___ SOURCE DATA ___

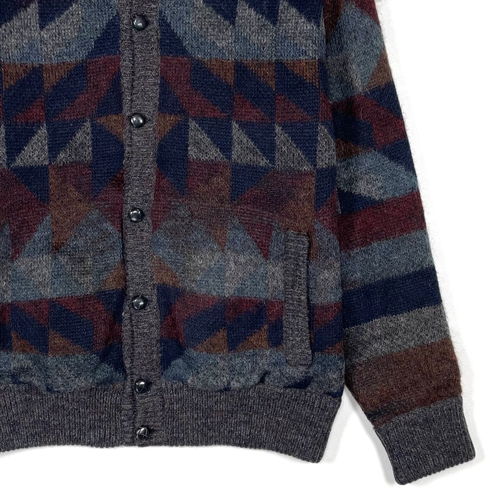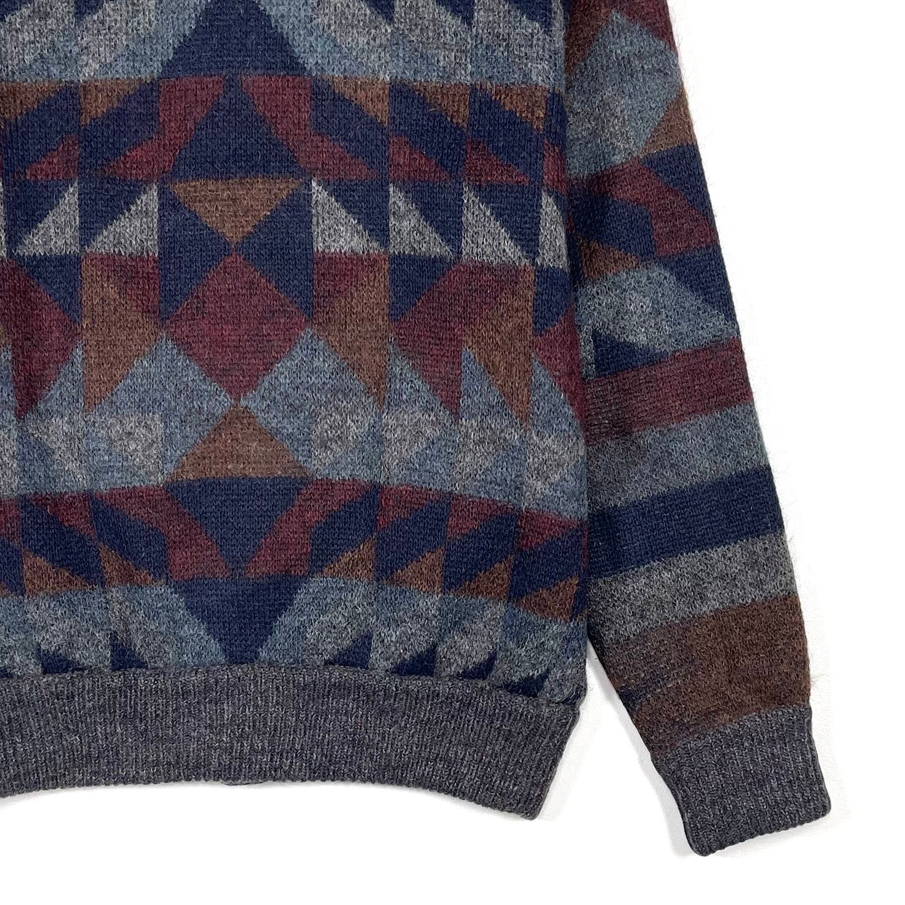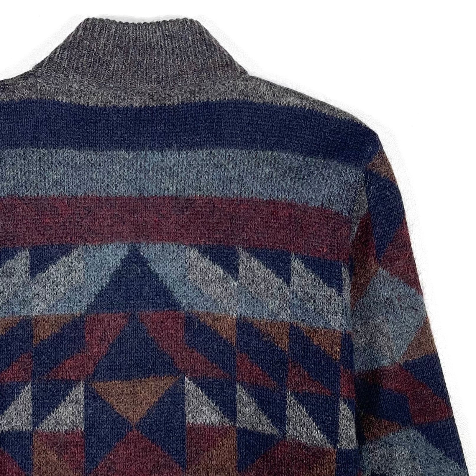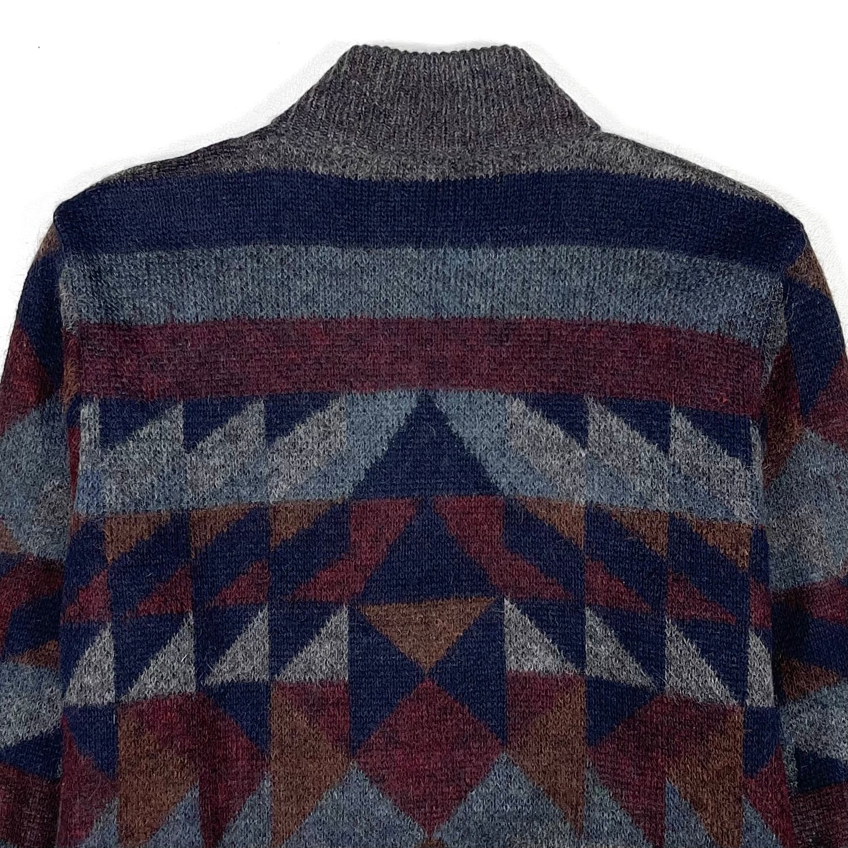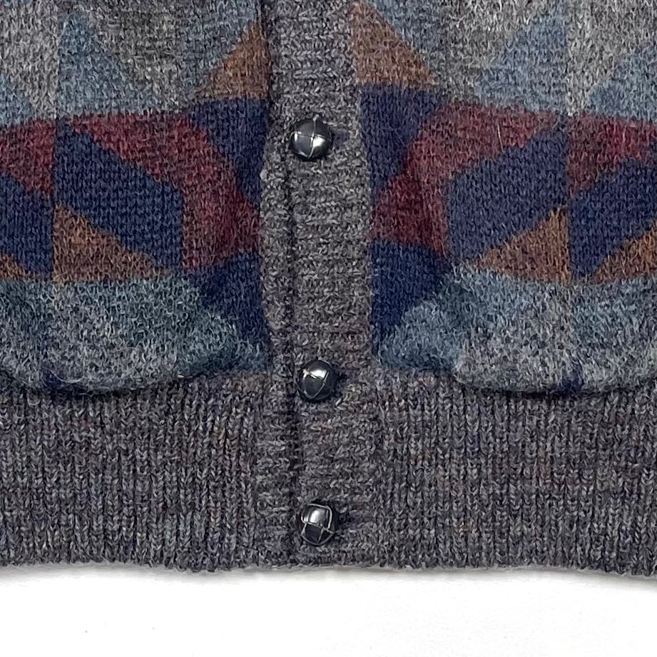 配色が良いイタリア製のオルテガ柄ハイネックカーディガン
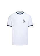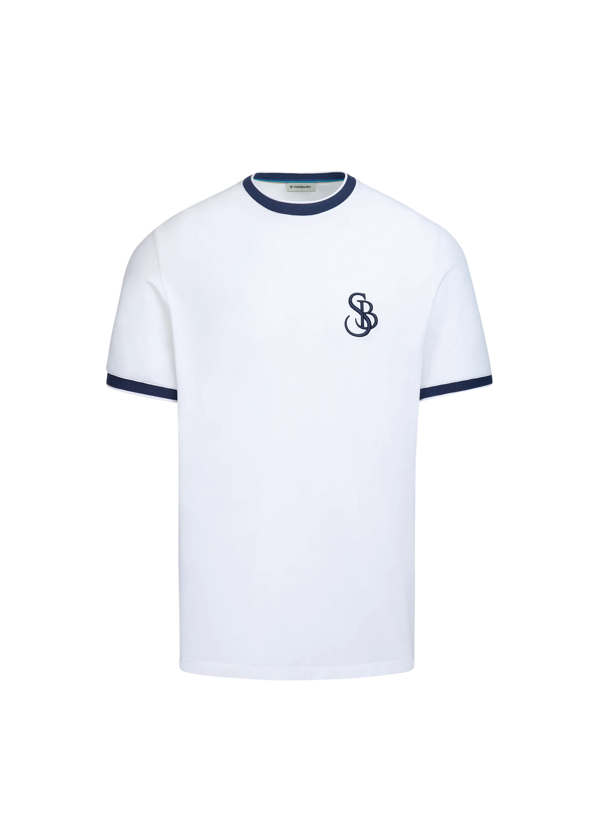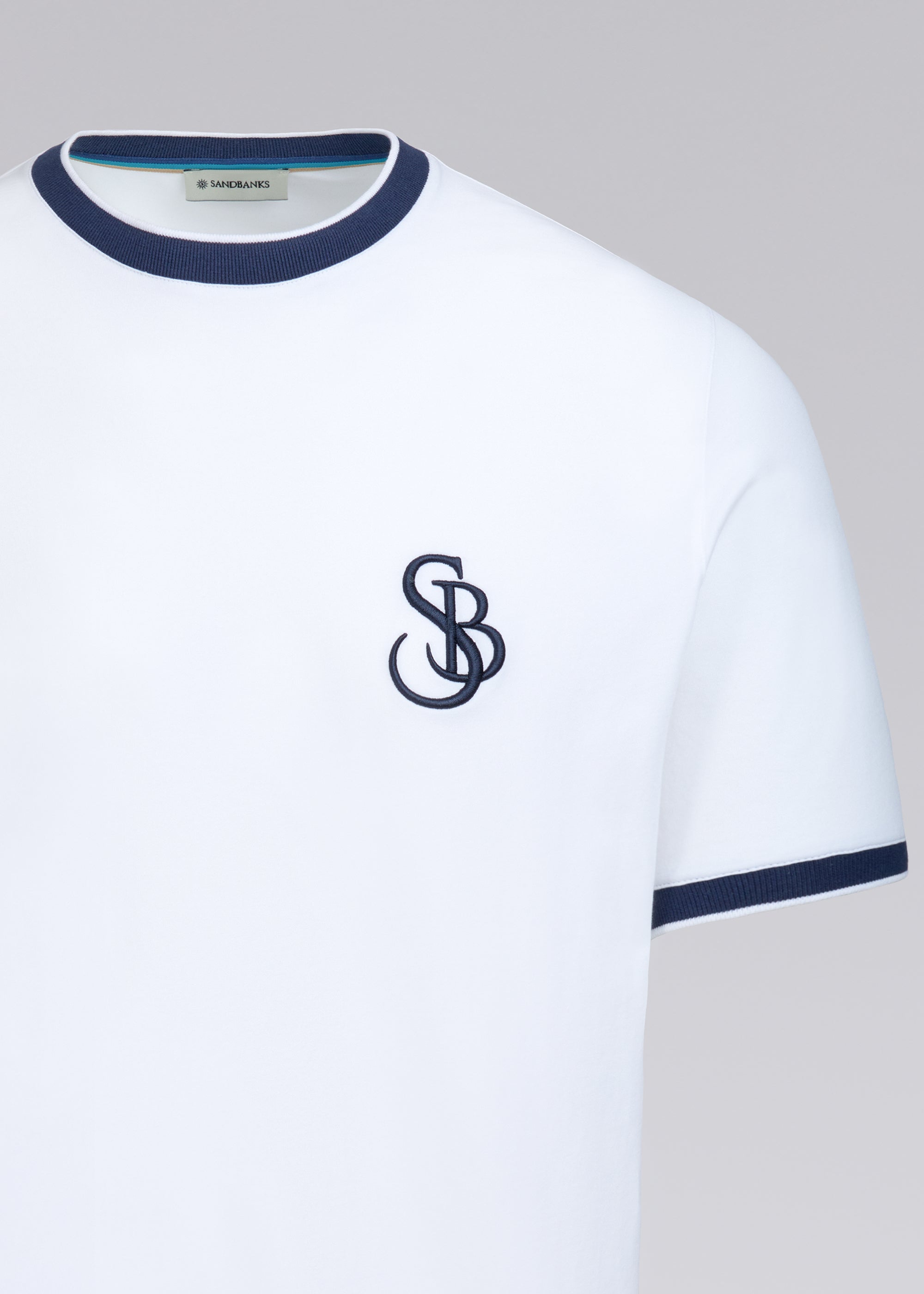 Crafted from 100% BCI cotton, the white Sandbanks SB Ringer T-Shirt has a relaxed-fit crew neck design featuring distinctive navy ribbed collar and cuffs, complemented by sophisticated 3D SB embroidery on the chest.
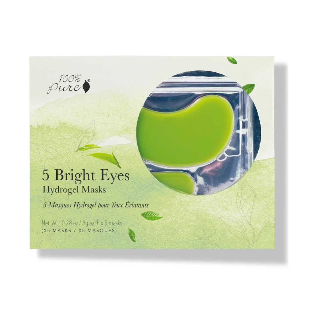 100% Pure Bright Eyes Mask er en oppkvikkende og utglattende øyemaske med 5 masker i en pakke. Den fjerner poser under øynene og glatter synlig ut rynker og fine linjer rundt øynene. Øyemasken er ekstremt fuktighetsgivende, og gir en tørr og tørst hud masse vann rett i de uttørkede hudcellene. Føles herlig kjølig når du har den på og tiden etterpå.

___

• ASSIGNMENT: Give the listing again word for word. Skip every image.

• ANSWER:
 配色が良いイタリア製のオルテガ柄ハイネックカーディガン
 Crafted from 100% BCI cotton, the white Sandbanks SB Ringer T-Shirt has a relaxed-fit crew neck design featuring distinctive navy ribbed collar and cuffs, complemented by sophisticated 3D SB embroidery on the chest.
 100% Pure Bright Eyes Mask er en oppkvikkende og utglattende øyemaske med 5 masker i en pakke. Den fjerner poser under øynene og glatter synlig ut rynker og fine linjer rundt øynene. Øyemasken er ekstremt fuktighetsgivende, og gir en tørr og tørst hud masse vann rett i de uttørkede hudcellene. Føles herlig kjølig når du har den på og tiden etterpå.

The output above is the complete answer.